Rights group: abuses continue in Chechnya

Jan 23, 2003 Posted: 15:36 Moscow time (11:36 GMT)

VLADIKAVKAZ - Chechen civilians continue to be abducted, beaten and  killed by Russian security forces, an international human rights  group said Wednesday, while about 20 Chechen women staged a protest  in a neighboring republic in a bid to draw international attention to  the plight of their relatives.

The Vienna-based International Helsinki Federation for Human Rights  said that despite government assurances that the situation in  Chechnya is stabilizing, local human rights monitors continue to  receive reports of abuses.

The Helsinki Federation, citing statistics from the Russian-based  Memorial group, said that 11 men disappeared from one district in the  Chechen capital, Grozny, in the first two weeks of January. On Jan.  14, four other people were abducted near the central market, and  numerous people were beaten, including a pregnant woman, the group  said in a press release.

Zura Betieva, 54, who took part in a protest in Nazran, the capital  of Ingushetia, bordering Chechnya, said she wanted to call attention  to the disappearance of her 30-year-old nephew Ilyas Kurbanov and his  two friends.

"Their fate is unknown," said Betieva.

Russian troops insist that military abuses are not widespread, and  that all such incidents are prosecuted.

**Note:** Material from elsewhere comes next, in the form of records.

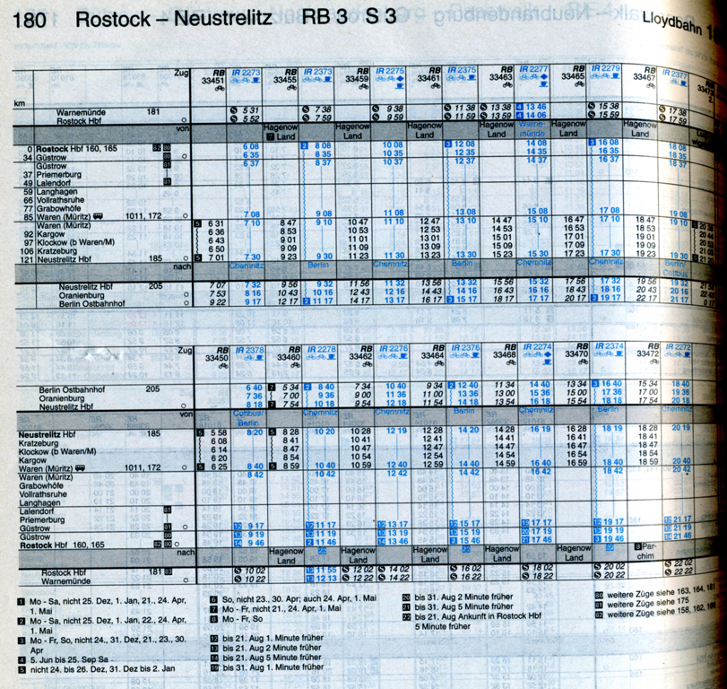 und dazu Waren - Lalendorf - Rostock: http://www.bahn1989.berlin/Downloads/808-16.pdfIn meinem Kursbuch von 1999 ist die Strecke auch zweigeteilt: KBS 205 Berlin - Neustrelitz - Waren (und weiter nach Stralsund) und KBS 180 (Neustrelitz) - Waren - Lalendorf - Rostock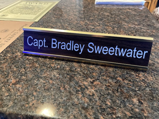 1 2" x 10" Wood Grain Name Plate " Capt. Bradley Sweetwater"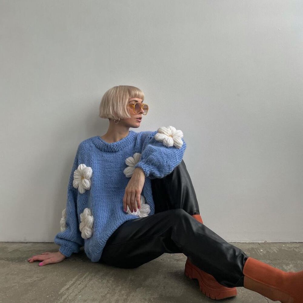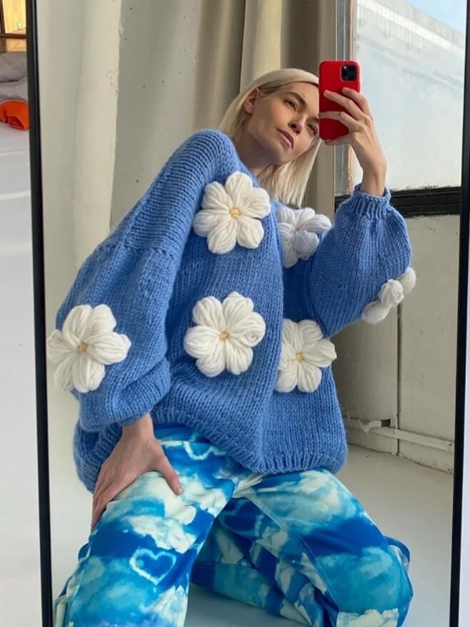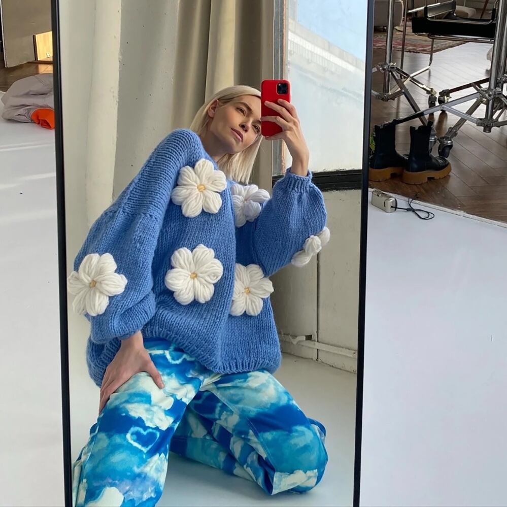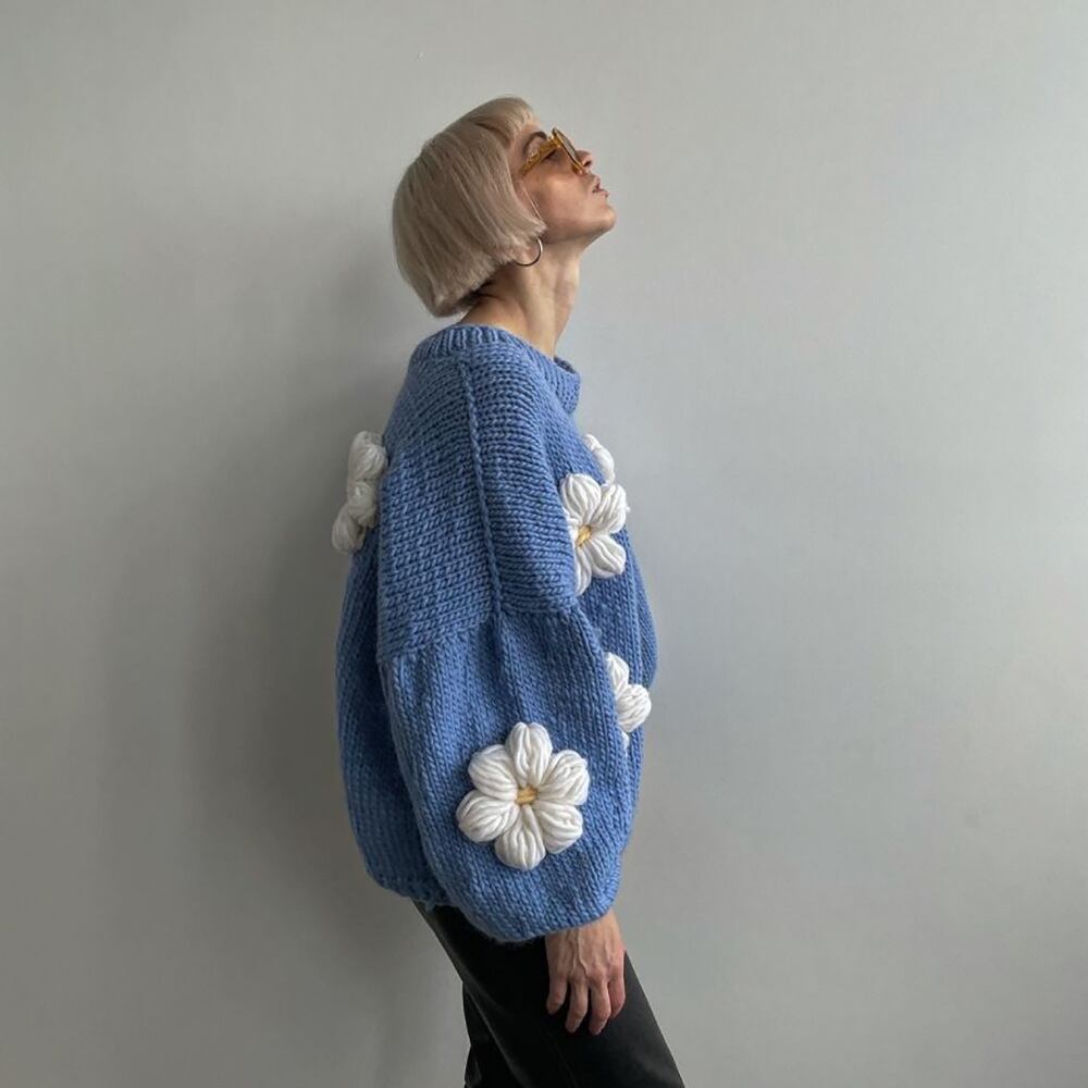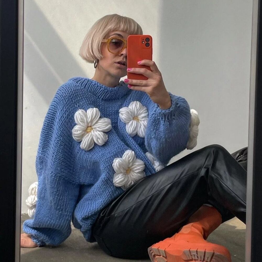 主役級の存在感! 気質アップ 着回し力抜群 立体フラワー ニットトップスE-9994

Prosecutor General Vladimir Ustinov told Russia's Echo of Moscow  radio on Wednesday that 26 serviceman, including four officers, were  convicted last year of crimes in Chechnya, ITAR-Tass news agency  reported. Military courts are considering 57 cases, including 14 on  murder charges, two for rape, and 18 on property theft, he said,  according to ITAR-Tass.

Khadzh Seliyev, 67, who joined the women at the protest in Nazran  said that last October, people in camouflage and masks broke into his  home and took away his 26-year-old son, Beslan. Seliyev said he has  been told that despite the many checkpoints that his son's captors  would have had to pass through, "no one saw anything."

Wednesday's protests came as a European envoy who reports on Chechnya to Europe's oldest human rights body was in the breakaway republic.  Lord Frank Judd, who reports to the Parliamentary Assembly of the  Council of Europe, has long been critical of the Russian military's strong-arm tactics in Chechnya, and has pushed the Kremlin to find a political solution.